[Opening The data section]

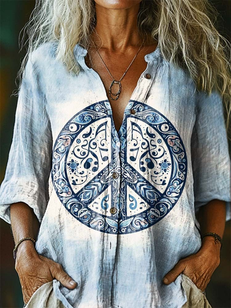 Women's Hippy Pattern Art Print Linen Cotton V-Neck Casual Shirt
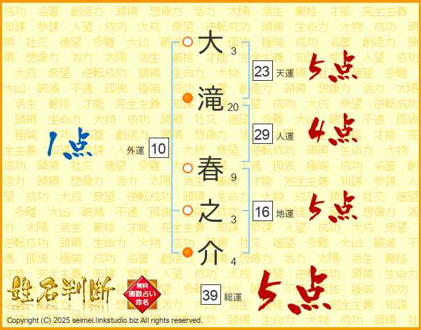 大(3画)滝(20画) 春(9画)之(3画)介(4画)
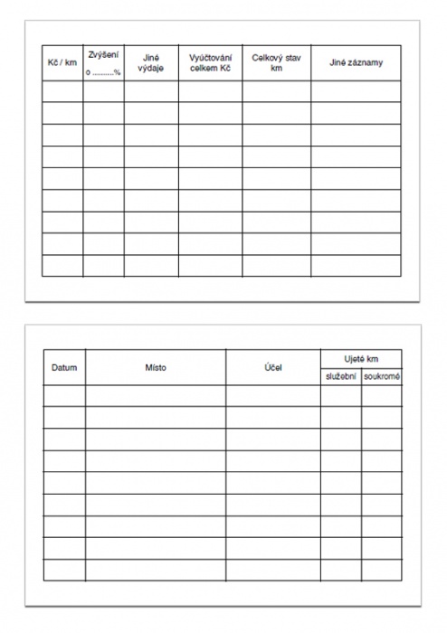 KNIHA JÍZD OSOBNÍHO FIREMNÍHO VOZIDLA

[Closing The data section]

Exercise aim: The material above must be reproduced line for line, with the images omitted.

Response to this exercise:
 Women's Hippy Pattern Art Print Linen Cotton V-Neck Casual Shirt
 大(3画)滝(20画) 春(9画)之(3画)介(4画)
 KNIHA JÍZD OSOBNÍHO FIREMNÍHO VOZIDLA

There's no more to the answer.